The next analysis we completed was wage gap by age. The main conclusion from these graphs is that the desparity of pay among females and males is overall getting better, however, some age groups have been effected more than others. The graphs revealed that the older generations are still seeing a large gap than young, college educated females that are entering the work force. It This graph also coincides nicely with the historic events that have happened in parallel for females all the way from getting the right to vote to not being discriminated against because of their sex in the work place.

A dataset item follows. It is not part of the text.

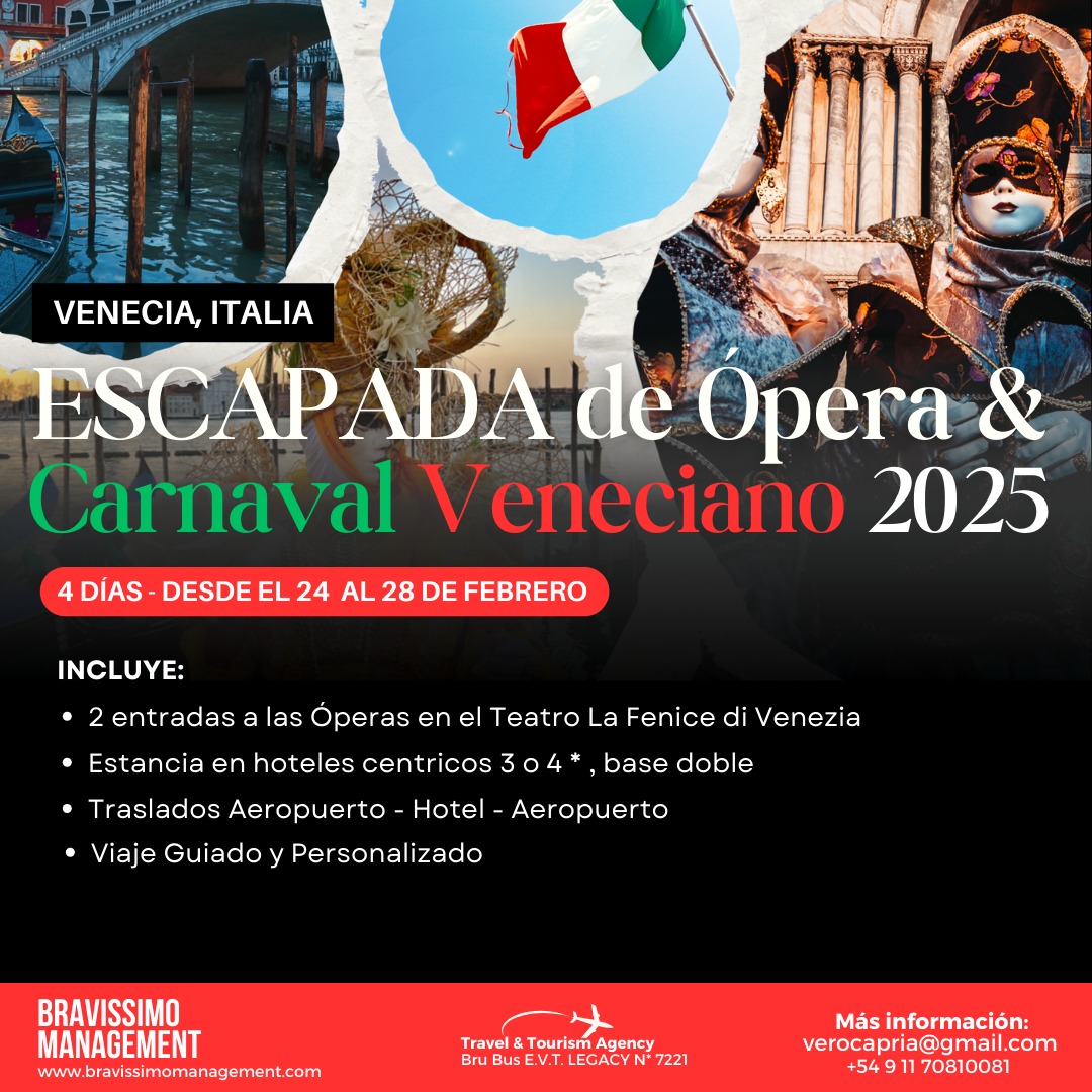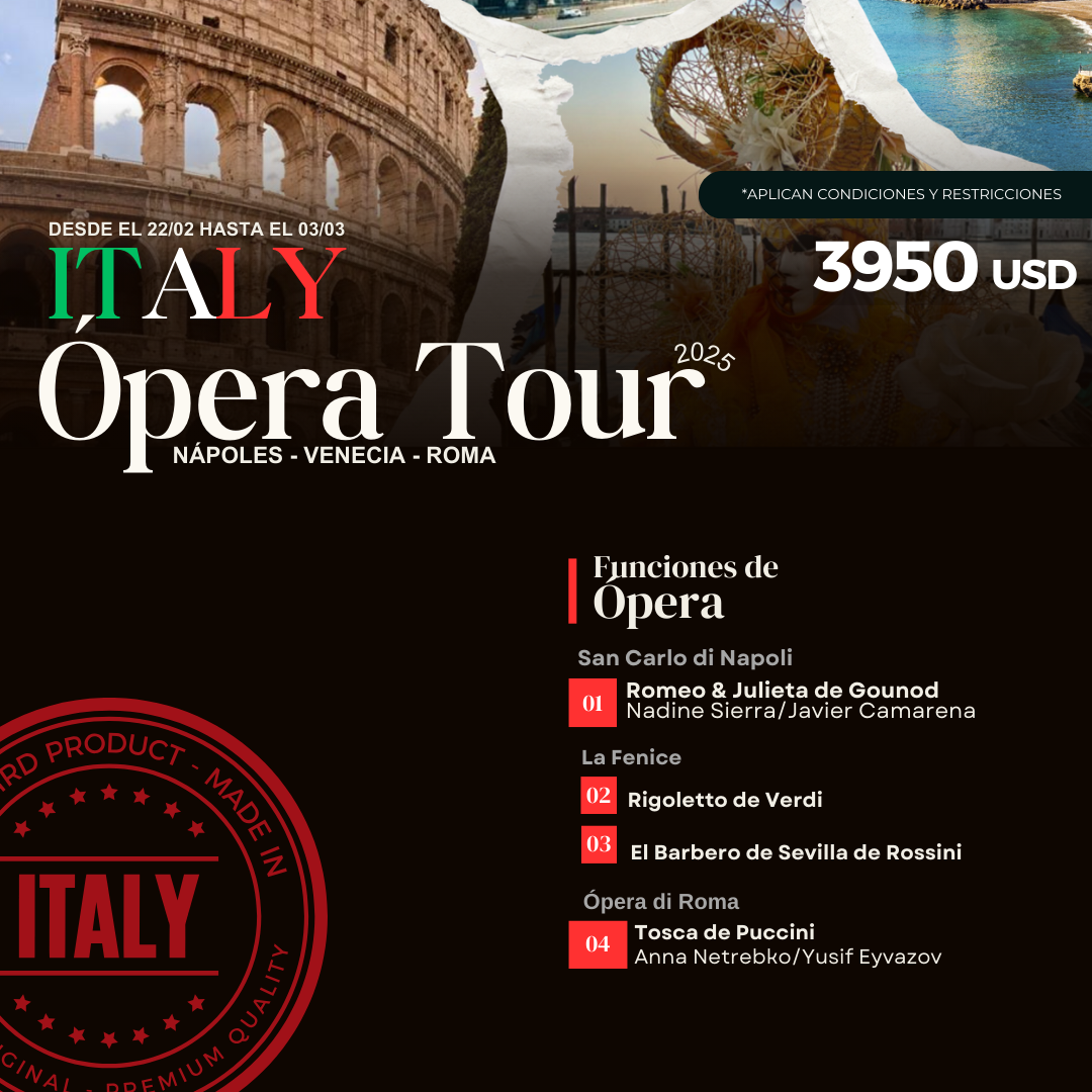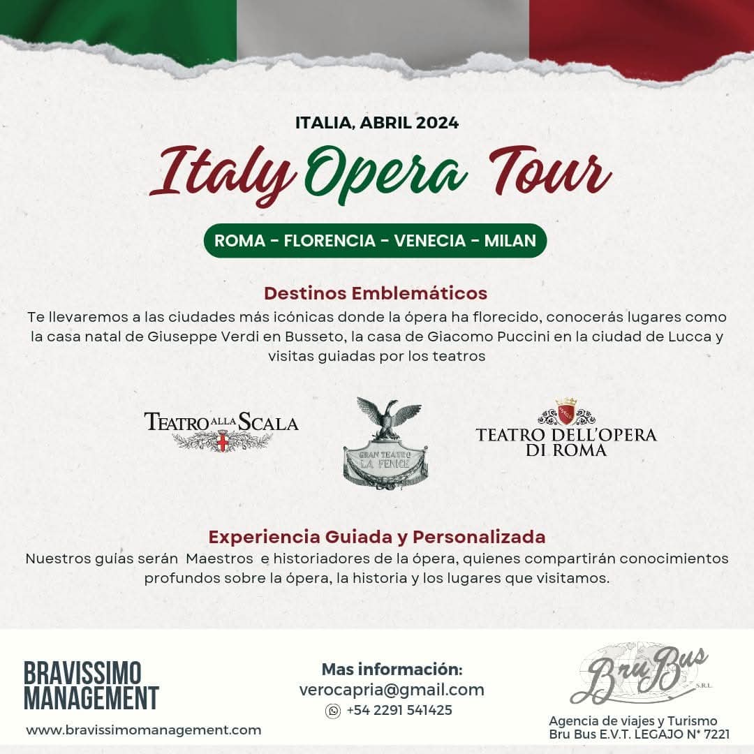 🎭 Viví la ópera en Italia con el Bravissimo Opera Tour. Salida el 10 de abril – ¡Cupos limitados! Recorremos Roma, Venecia, Florencia y Milán en un viaje de 12 días con hoteles 4★ y desayuno incluido. Incluye traslados aeropuerto–hotel y entre ciudades, visitas guiadas por expertos en ópera y conciertos privados en Roma y Parma. Disfrutá La Sonámbula en la Ópera de Roma, Mefistófeles en La Fenice, y La Rondine, Cavalleria Rusticana y Pagliacci en La Scala de Milán. Además, visitamos la casa natal de Verdi en Busseto y la casa de Puccini en Lucca.

Based on these trends the wage gap for females ages 20-34 years old may be nonexistent in the near future.
Finally, the last analysis we completed was for overall female employement. The main conclusion from this graph is that even though we see the wage gap decreasing between male and females, the ratio of females and males that work full-time and part-time throughout the years only varied slightly. A big reason that these ratios may have stayed the same is because as time has gone on, the need for jobs has only increased. Just because more females are now in the work force does not mean less men are working overall. With technology advancements and other inventions, the need for jobs is higher than ever.